Last week I spent a brilliant day at the ProCopywriters Copywriting Conference, learning from some very clever and talented people. One of those people was Joanna Wiebe (@CopyHackers), who gave me more than one practical, actionable idea to do with understanding and designing for your audience.
Joanna spoke about using voice of the customer (VOC) data for conversion copywriting – but it’s relevant to us in L&D too! If you take one thing away from reading this, let it be this:
What our audiences are thinking about is not the same as what we think they are thinking about.
Joanna illustrated this beautifully and memorably with a reference to Mister Rogers, a North American kids’ TV personality. Instead of writing songs about animals or colours or numbers – as many of us might if challenged to write a song for pre-schoolers – he wrote songs like this one:
What do you do with the mad that you feel, when you feel so mad you could bite? That’s a question that comes from a real child, not from an adult imagining what a child thinks about, worries about and needs support with. Mister Rogers didn’t diminish that question or bend it into something that fit his own agenda and preconceived notion of what children want to hear or sing about.
(I didn’t grow up watching Mister Rogers, but my daughters know and love Daniel Tiger’s Neighbourhood, which is based on it. I can vouch for the fact these songs do stick in little minds and can be drawn on in emotionally-charged situations!)
This is relevant for L&D practitioners. We might not be writing marketing copy designed to ‘get the yes’ or focused on conversions. But we are trying to persuade, influence and change behaviours. Understanding and using the voice of the customer is integral to doing this successfully.
So how can we take a leaf out of Mister Rogers’ book?

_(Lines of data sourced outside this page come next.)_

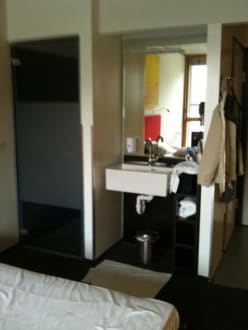 SanitärbereichGleich neben dem Bett: Waschbecken und Tür zur Duschkabine (mit Spuren von Überschwemmungen auf dem Teppichboden)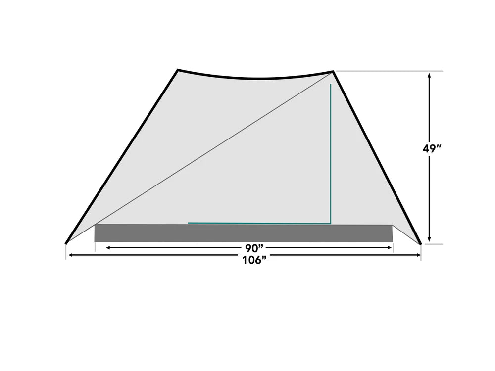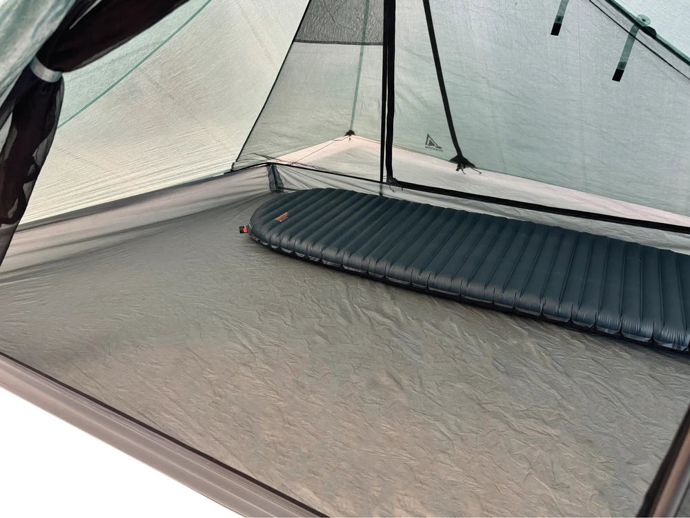 Compared to the regular X-Mid Pro 2, the floor has been widened from 46" to 52" (1.32m) to accommodate all wide (25" / 64 cm) pads. This makes it the world's lightest tent that can fit two wide pads (based on the tent weight + minimum number of stakes). The already excellent headroom has also been increased with a taller 49" (1.24 m) peak height. This adds headroom and also steepens the end walls to increase the useable length for hikers up to 6'6". We also reduced the rotation of the diagonal ridgeline to create more even headroom on both sides to optimize the tent for two people sleeping in the same direction. Compared to competing A-frame style tents, both sides of the X-Mid Pro 2+ have substantially more head clearance.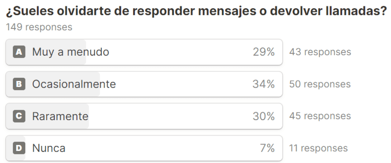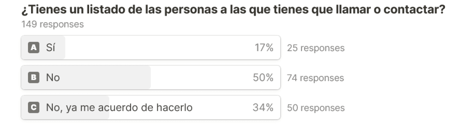 Most respondents do not keep track of the contacts they need to communicate with, and those who do lack a specific tool to manage it. This finding points to the need to create an application that facilitates the tracking of pending communications and fosters more consistent connections.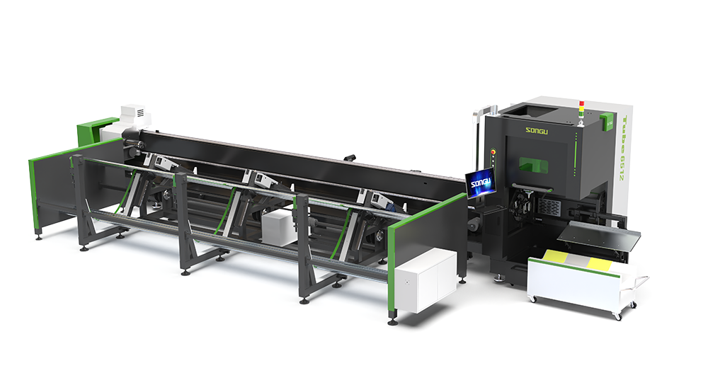 松谷激光科技Tube 系列全自動上料光纖激光切管機,聯排雙工位設計,雙頭可獨立切割相同或不同形狀的型材,上層成捆儲料下層自動送料和收料,應用于:碳鋼管激光切割,不銹鋼管激光切割;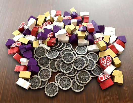 These 45 metal coins and 104 wooden resource tokens were designed specifically for Wyrmspan (the game includes cardboard tokens). All metal coins are identical, and there are 26 each of the resource tokens: meat, gem, gold, and milk.

First, we need to recognise that audience and client are not (usually) the same. Understand and consider how to address the business needs presented by your client, yes. But also establish who the audience is: who are the learners, the people who’ll be using your content?
Next, we need to get access to those people, or at least to what they’re saying. Here are some ways you could gather VOC data:
- Interviews. This can be done face-to-face or over the phone; just make sure you record it if possible (or have an extra person there focused on taking detailed notes).

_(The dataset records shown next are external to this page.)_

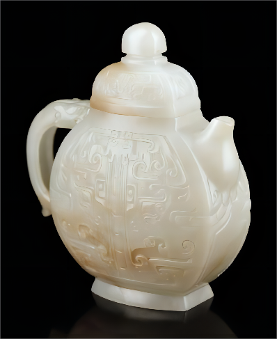 此壶以和田玉为材,玉质莹洁细腻,温润如凝脂,且料大质佳,略带沁色,颇为难得。短流口,C 型龙为把,瓶盖造型规整,线条流畅,瓶体呈扁方状,瓶盖与瓶体均已浮雕技法雕刻饕餮纹,运刀修整极为细腻,雕琢工艺娴熟精湛,整器纹饰布局合理,无论选材、纹饰、雕工、意蕴,均堪称上乘之作。饕餮纹,青铜器上常见的花纹之一,最早见于长江中下游地区的良渚文化陶器和玉器上,盛行于商代至西周早期。此瓶上的饕餮纹,面部巨大而夸张,线条雄健,配上玉石的坚韧材质和温润质感,积淀着一股深处的历史力量。
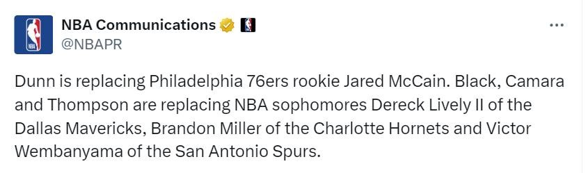 官方表示,邓恩将取代76人队新秀麦凯恩,后者于12月18日接受了手术,修复左膝外侧半月板撕裂,赛季报销。布莱克、卡马拉和奥萨尔-汤普森将取代独行侠的莱夫利、黄蜂的布兰登-米勒和马刺的文班亚马。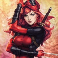 a female character with red hair, wearing a costume that includes a black and red bodysuit. She is also holding two swords crossed behind her back, which is characteristic of the Deadpool persona in

- Focus groups. These can allow for richer discussions if run well, and you can incorporate information-gathering activities or exercises as well as more straightforward question-and-answer discussions.
- Surveys and polls. This can work really well if you’re considering re-designing an existing website, resource or course – a few thoughtful questions before someone closes or clicks away can give you real insight into whether and how the existing content met their needs.
- Support tickets or helpdesk calls. This came from Joanna, who often mines sales calls recordings. There could be a wealth of useful data in helpdesk records about what is tripping people up, frustrating them or just simply not working.
- Scouring online reviews. Another absolute gem of an idea from Joanna is to see what people are saying about the topic elsewhere. See what’s in the Amazon reviews for related books on leadership development, or Google what people are saying about a company before designing an induction. This is an idea I’ll definitely be using in future.
In all cases, record or transcribe the data and then go back and review it, highlighting words and phrases that either are repeated time after time, or are really interesting and make you consider an angle you hadn’t before.
This is the voice of the customer. Use it!
The questions that keep coming up could be the titles of your pages or courses or resources. The complaints and frustrations that people have are the things your content needs to answer. The stories people tell form the basis of the scenarios you create.
However you gather it and whatever you do with it, VOC data will make sure your content resonates with the audience (especially if you use their actual words, talking to them in their voice) and is useful to them, articulating their concerns and solving their problems.